BjoernSchaefer · ‎02-01-2019

Hello everybody,

for me, i'm havin trouble realising the following task.

I want to add the Column "Expected Outcome" in PowerQuery. I was able to add the column in PowerPivot, but therefor i have to load all the rows (ca. 3 Million). And for the case, where ZAECO=2 and i have to pick the BTRST from the earlier Date and times it by -1 i had to create a new calculated column.

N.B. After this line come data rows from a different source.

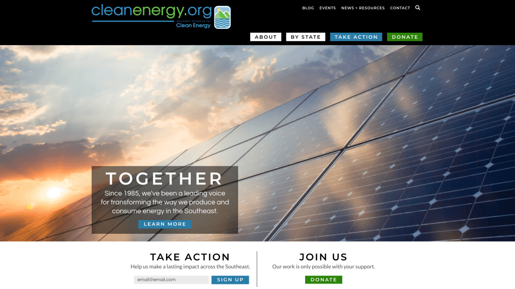 CleanEnergy.org also uses logos but heavily relies on pathos to evoke emotion in their call to action. Examples of this are seen below in a video they created. In the video, “We need your help!”, the title alone creates a sense of compassion and urgency in the viewer. Within the content, images of the “devastating impacts” to the “cherished coastlines” and the “majestic colors of the Blue Ridge Mountains” highlight the natural beauty of the Southeast in hopes of convincing the viewer to feel the same.
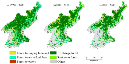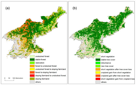 The two deforestation patterns in North Korea, namely, sloping farmland and unstocked forest, reduce the ability to withstand natural disasters. Large-scale forest fires, commercial logging, and expanding farmlands in hilly areas are the main drivers of deforestation and forest degradation in North Korea. Our results provide a comprehensive deforestation map of the two classes of deforested land. Between 1990 and 2020, forestland areas of 14,181 km2 and 17,657 km2 were converted to sloping farmland and unstocked forest, respectively, and these trends are consistent with other research on North Korea [5]. In addition, this study presents a spatiotemporal trajectory analysis for the first time for the detection of two patterns of deforestation in North Korea.
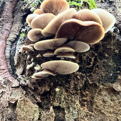 Die Unterseite zeigt Farben von orange/weiß. Sie sind angewachsen.
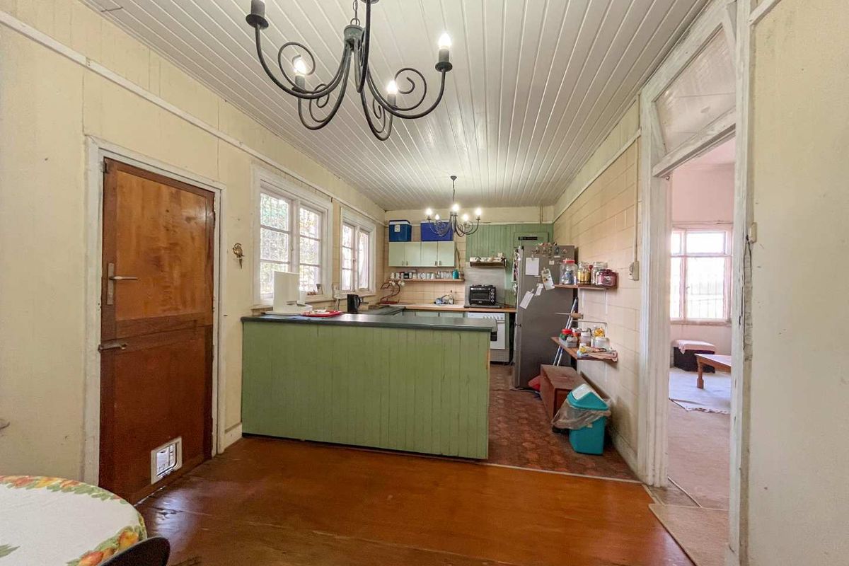 Two-bedroom, one-bathroom property on 977 sqm with garage and parking options, ideal for renovation or development.

If there is a way to add this column via PowerQuery, i can delete the columns BTRST, INDEX and ZAECO and uncheck the null-Values wich makes the Datamodel more efficient. I don't think that a simple IF-Statement would be sufficient.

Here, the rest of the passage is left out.